Молчавший доселе согнутый годами Муркун поднял взгляд от кошмы, посопел:
— В роще. Вон там. На дубу. Филиненок. Малый, но шибко злой.
— Видишь его? — встрепенулся Алькусаим.
— Чую.
— Что еще чуешь?
— Золотом пахнет. Пером сокольим.
Вздрогнул персиянин:
— Верно ли?
— Шибко верно.
— Не боишься?
Щуплый шаман переглянулся с курчавым буртасом Юмко, с огромным, будто медведь, черемисом... сказал твердо, с нажимом:
— Потягаемся!
Вражий меч, кривой, как коряга, звякнул о бляху на ивашкином щите. Не отдавая отчета в собственных деяниях, рубанул Ивашка, как тятька учил — холодная сталь киевского клинка свистнула соловьем, снесла напрочь и половину папахи, и половину головы. Брызнули белые мозги на руку отрока; стеганула кровавая струйка. Ой, тошно!
— С почином тебя, братишка! — весело оскалился брательник Мишаня и ловко втянул младшенького за спины старших.
Все, что съедено поутру, всё выплеснул Ивашка себе под ноги, давясь желтою слизью. Слезами горючими очи заволокло. Тяжелая рука Мишани бережно и любовно хлопала по спине...
Вырубили владимирцы и касогов, и ясов, огляделись... Ой, лихо, лишенько — едва половина осталась от полка удалого! Нету среди живых ни Хрульца, ни Олексы Будинова... не видать и воеводы Валуя. А новые полчища валом прут. Самые стойкие подались в смущении, но вскинул над головой червленый стяг Бермята Бушуев и взвизгнул истошно:
— А здесь ли стольный город Владимир?!
— Здесь! Здесь... княже! — колыхнулись крепнущие голоса.

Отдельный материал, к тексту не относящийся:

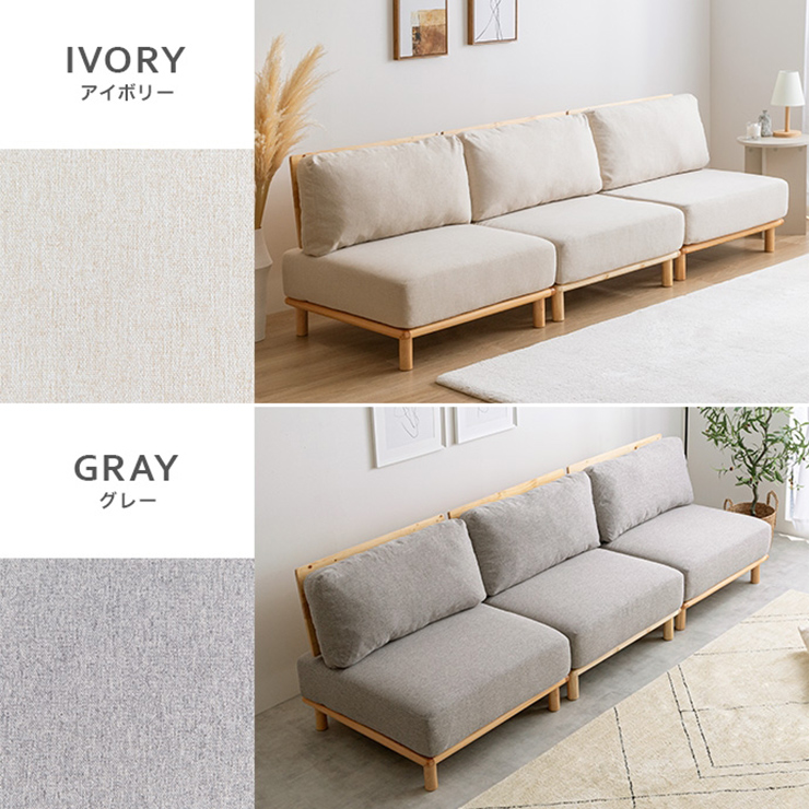| サイズ | 【ソファ】 幅240cm(80cm+80cm+80cm)×奥行80cm×高さ74cm (座面高:35cm/重量:約16kg(1脚あたり)/耐荷重:約80kg(1脚あたり)) 梱包サイズ(3個口):82 x 82 x 36cm・82 x 82 x 36cm・82 x 82 x 36cm(重量:約19.5kg) |

— За Русь! За матерей, что в храмах горели, а врагу не дались! Вперёд!
Ахнули и ногаи, и буртасы, когда загуляло в передних рядах:
— Ой, да што ты, што ты, што ты...
Меж казачьих коней лезут, остервенев, пешие мужики из городского ополчения, крушат секирами и ослопами черепа и кости. Напирают сзади конные боярские отроки...
Заметил порыв сей боярин Брянко, заметила великокняжья дружина. Не след от мужиков отставать; древен Владимир, а Москва — главнее. Ударили так, что лопнула вражья стена, будто рогожа гнилая.
Бросил Мамай на подмогу готов и крымских ногаев, сведенных в единый тумен, обернулся к мурзе:
— Пора с наглецов спесь сбить, Касим! Зови башкирда!
Батыр Хазрат ростом не вельми велик, любому из готов — по плечо, а фрягу — по ухо, но могуч и необъятен в плечах и груди. Шагает валко, чуточку косолапя, однако кажется, будто и травы не приминает — до того спор и легок шаг башкира.
— Настал ваш час, Хазрат! Видишь Митин бунчук?
— Вижу, джихангир, — голос у башкира, будто барсовый рык, очи желтые, волос — ячменного колоса рыжей.
— Я тоже: все глаза смозолил проклятый! Свали его, батыр, потопчи копытом коня-великана, в пыль и прах разотри!
— Не простое дело предлагаешь ты башкирам, джихангир, — сказал Хазрат, — московская дружина даром бунчук не отдаст...
— Трусишь, батыр?
— Башкиры страха не ведают, — очи воина сузились, сверкнули желтым огнём. — Мы сломаем московитов, даже если жилы при этом порвем. Но и ты должен подкрепить свои обещания клятвой. Нам легче будет.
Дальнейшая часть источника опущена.